# data_plotter
A Rust CLI that turns tabular data and audio files into interactive, self-contained HTML scatter plots powered by ECharts.
- Inputs: CSV, Parquet, JSON/JSONL/NDJSON, and audio (WAV/MP3/FLAC)
- Output: One HTML file per input, with zoom/pan, legend, and toolbox — no server required
- Directory mode: Pass a folder to process all supported files recursively
## Build and Run
Prerequisites: Rust toolchain with Cargo
- Build (debug):
```powershell
cargo build
```
- Build (release):
```powershell
cargo build --release
```
- Show CLI help:
```powershell
cargo run -- --help
```
## Usage
Basic examples:
```powershell
# Plot all numeric columns; auto-detect X when possible
cargo run -- sample/sample.csv
# Write outputs to a directory
cargo run -- sample/sample.csv -o plots/
# Set the X-axis explicitly
cargo run -- data.csv --index timestamp
# Choose specific Y columns
cargo run -- data.csv -c sensor_a,sensor_b
# Use first column as X and set a custom title
cargo run -- data.csv --use-first-column --title "My Custom Plot"
# Process an entire directory recursively
cargo run -- path/to/folder -o plots/
# Audio files (mono or multi-channel)
cargo run -- audio.wav
# Disable dynamic Y autoscaling (keep initial padded range)
cargo run -- sample/sample.csv --no-autoscale-y
```
Where outputs go:
- With `-o/--output-dir`, files are saved under that directory as `<stem>.html`.
- Without it, each plot is saved next to its input file.
## CLI
```
A tool to generate interactive scatter plots from various data formats.
Usage: data_plotter.exe [OPTIONS] <INPUT_PATH>
Arguments:
<INPUT_PATH> The input file or folder to scan for data
Options:
-o, --output-dir <OUTPUT_DIR> Directory to save the generated HTML plots. Defaults to saving next to each input file
--index <INDEX> Name of the column to use as the index (X-axis). Highest priority for index selection
--use-first-column Use the first column of the data as the index. Overridden by --index
-c, --columns <COLUMNS> Comma-separated list of columns to plot (Y-axis). If not provided, all numeric columns will be plotted
--title <TITLE> A custom title for the plot. Defaults to the input filename
--no-autoscale-y Disable dynamic Y-axis autoscaling on zoom (keeps initial Y range)
-h, --help Print help
-V, --version Print version
```
## How X and Y are chosen
X-axis selection priority:
1) `--index <name>`
2) `--use-first-column`
3) If a column named `sample_index` exists (audio), use it
4) First datetime column (string columns may be auto-cast to datetime)

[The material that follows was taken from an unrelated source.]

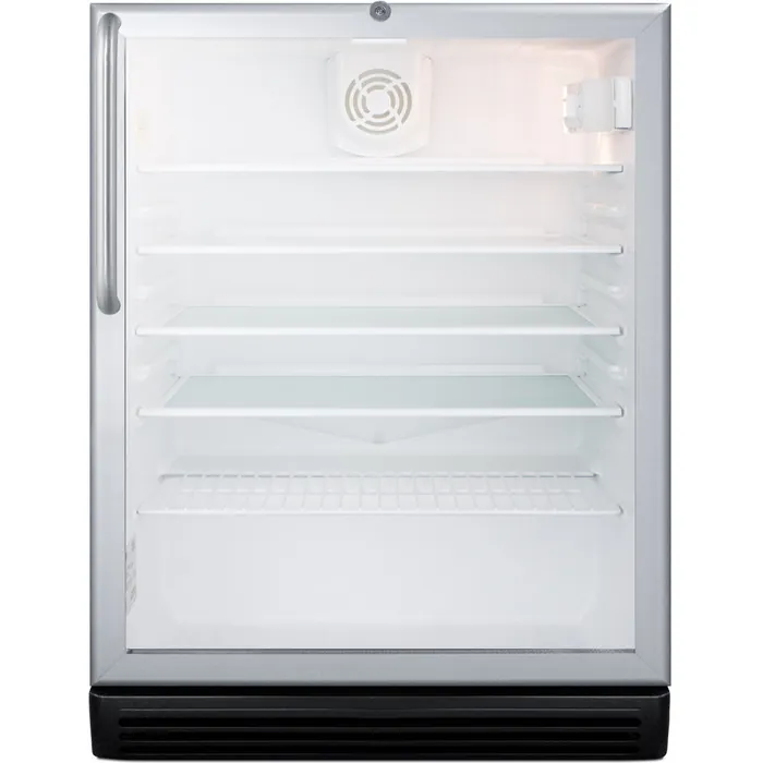 Inside, the SCR600BGLBITBADA includes four adjustable glass shelves for spill-proof storage and a half-sized wire shelf ideal for holding bottles in place. Automatic defrost ensures minimum user maintenance and a dial thermostat makes it simple to manage the temperature. This unit features an interior light operated with an ON/OFF rocker switch and a white interior finish to ensure optimum product visibility. Our unique "hidden" evaporator is located in the rear wall to help protect the unit's system and maximize shelf space. An internal fan helps to ensure the interior is more evenly cooled from top to bottom.

5) Fallback to a generated `row_index`
Y-axis selection:
- If `-c/--columns` is provided, those columns are used
- Otherwise, all numeric columns except the chosen X column
## Supported formats and behavior
- CSV, Parquet
- JSON, JSONL/NDJSON (JSON is read as JSON Lines; for array-of-objects JSON, convert to NDJSON)
- Audio: WAV/MP3/FLAC via Symphonia
- The first default track is decoded
- DataFrame has `sample_index` (X) and `amplitude` (Y)
- For multi-channel audio, samples are currently interleaved into the single `amplitude` series
Notes on parsing and type inference:
- String columns that look like datetimes are only cast to datetime if at least one value parses successfully. This avoids selecting an "all-null" datetime axis and producing empty plots.
- String columns that look numeric are trimmed and parsed into Float64 if at least ~50% of their values parse successfully. This helps for CSVs that don't have headers and/or have numeric values with whitespace.
## Output HTML
- Self-contained HTML with ECharts loaded from CDN
- Interactive features: zoom/pan (dataZoom), legend scroll, save-as-image, restore
- X-axis type is set automatically (time, category, or value) based on the chosen X series
- Themes: dark (default) and white (enable with `--white-theme`)
- Numeric formatting: `-m/--max-decimals` controls decimals; `-1` disables the limit; scientific notation when appropriate
## Project structure (brief)
- `src/cli.rs` — command-line interface (clap)
- `src/lib.rs` — orchestration (discover files, process each, write output)
- `src/data_loader.rs` — load DataFrames; audio decoding; best-effort datetime casting
- `src/processing.rs` — select X/Y series and plot title
- `src/plotter.rs` — generate HTML and embed series as JSON for ECharts
- `src/error.rs` — error types
For additional repository-specific guidance, see `WARP.md`.